John A. Paulson School of Engineering and Applied Sciences, Harvard University, Cambridge, MA, USA.
Department of Physics, Harvard University, Cambridge, MA, USA.
J R Soc Interface. 2021 Jan;18(174):20200701. doi: 10.1098/rsif.2020.0701. Epub 2021 Jan 13.

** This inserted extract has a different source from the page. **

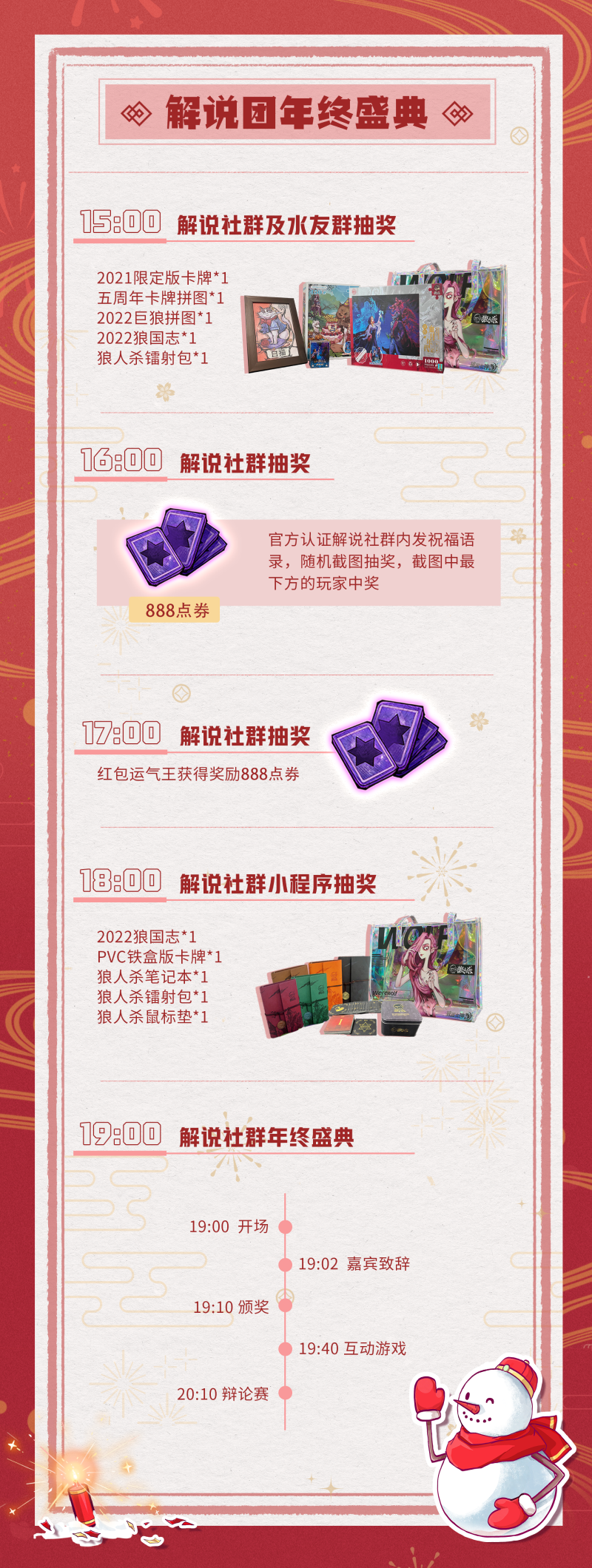 岁末将临,狼人杀官方社群年终盛典陪你暖心过冬!七大社群盛典活动即将开启,更有狼人杀专属周边、社群红包等超多福利等你解锁,狼队友们快来参与吧!

Walking is a common bipedal and quadrupedal gait and is often associated with terrestrial and aquatic organisms. Inspired by recent evidence of the neural underpinnings of primitive aquatic walking in the little skate , we introduce a theoretical model of aquatic walking that reveals robust and efficient gaits with modest requirements for body morphology and control. The model predicts undulatory behaviour of the system body with a regular foot placement pattern, which is also observed in the animal, and additionally predicts the existence of gait bistability between two states, one with a large energetic cost for locomotion and another associated with almost no energetic cost. We show that these can be discovered using a simple reinforcement learning scheme. To test these theoretical frameworks, we built a bipedal robot and show that its behaviours are similar to those of our minimal model: its gait is also periodic and exhibits bistability, with a low efficiency mode separated from a high efficiency mode by a 'jump' transition. Overall, our study highlights the physical constraints on the evolution of walking and provides a guide for the design of efficient biomimetic robots.
行走是一种常见的两足和四足步态,通常与陆地和水生生物有关。受最近在小鳐鱼中发现的原始水生行走神经基础的启发,我们引入了一个水生行走的理论模型,该模型揭示了具有适度身体形态和控制要求的稳健且高效的步态。该模型预测系统身体的波动行为具有规则的脚部放置模式,这在动物中也观察到,此外还预测了两种状态之间的步态双稳定性的存在,一种状态的运动能量成本很大,另一种状态与几乎没有能量成本相关。我们表明,使用简单的强化学习方案可以发现这些状态。为了验证这些理论框架,我们构建了一个双足机器人,并表明其行为与我们的最小模型相似:它的步态也是周期性的,并且表现出双稳定性,低效率模式与高效率模式之间通过“跳跃”转换分离。总的来说,我们的研究强调了行走进化的物理限制,并为高效仿生机器人的设计提供了指导。